TGS’s marketing consultant, Clare Bennett, is also the former director of marketing at Morning Consult. She departed the company in 2019.

That group’s “collective experience building new products and helping companies grow and scale makes us uniquely positioned to support other companies through those stages,” Sinclair said.

His team aims to catch companies in a key “acceleration moment,” he said, where they’re making the leap from 10 to 25 employees, or a few dozen to upward of 50, for example. Morning Consult more than tripled its headcount during the pandemic, so Sinclair’s team is no stranger to fast growth.

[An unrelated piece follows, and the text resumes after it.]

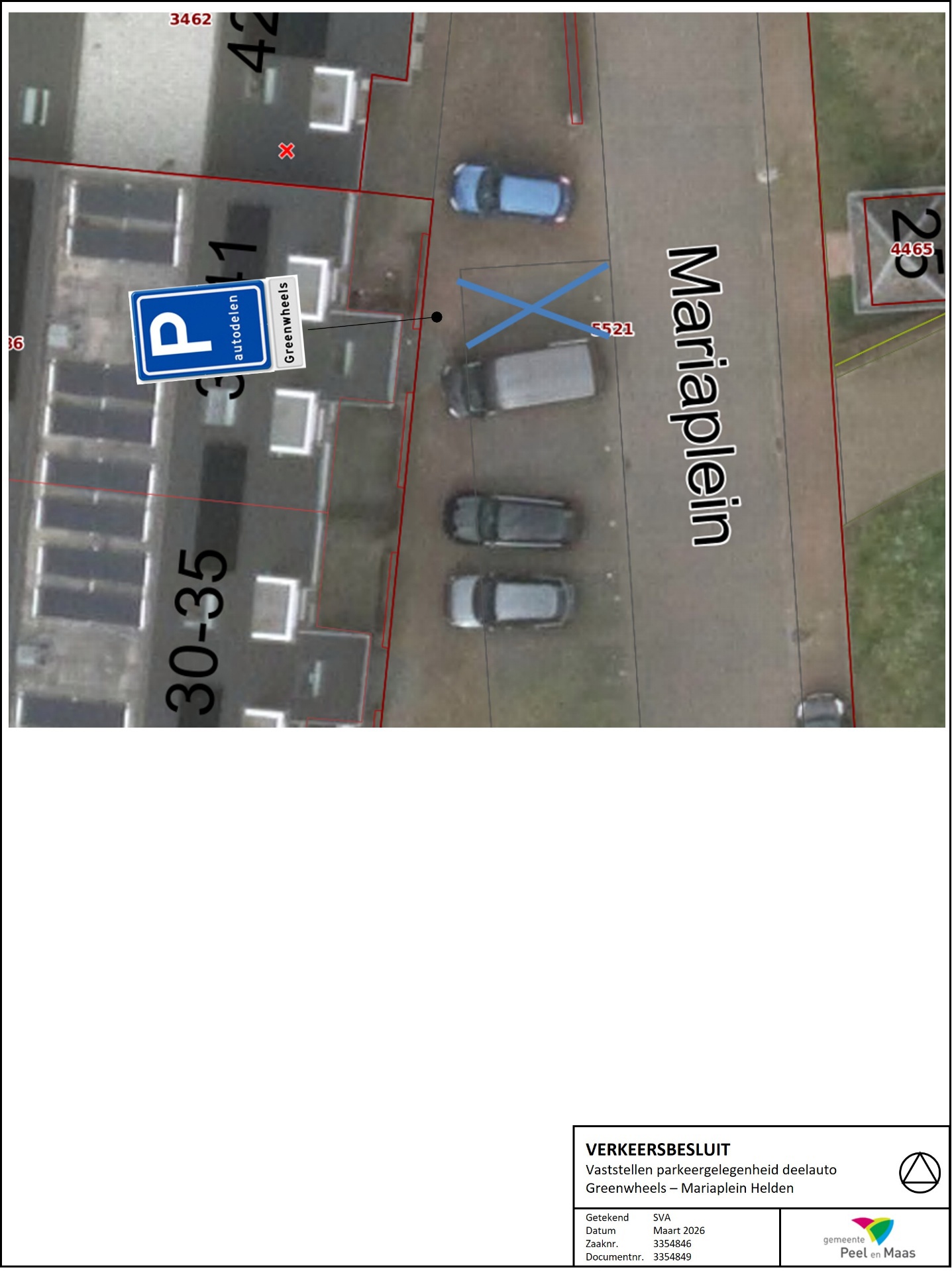 Gemeente Peel en Maas – Vaststellen parkeergelegenheid voor deelauto Greenwheels – Mariaplein Helden

Rapid scaling is not inherently a dangerous thing for a company, Sinclair insists. Instead, what’s key along the way is, “stopping and assessing cracks and flaws,” he said. “That is what you tend to see play out most often with a lot of the stories in the community,” he added. His job is to help clients “manage it” and know where to place their bets, he said, so that they pay off in the long run.

The annualized value of its current agreements is around $500,000, he said. He’d like to hire and take on more clients this year, but even as an expert, he said it's still tricky to figure out how to do that in a responsible way.

“That’s going to be the constant push-pull,” Sinclair said.

“How do you come up with [a company] that is scalable but we don’t lose the most important part — which is the nuance and the customization that’s going to be required?” Sinclair wants to grow his startup — just like his clients — but won't be making any bets he can't stand behind.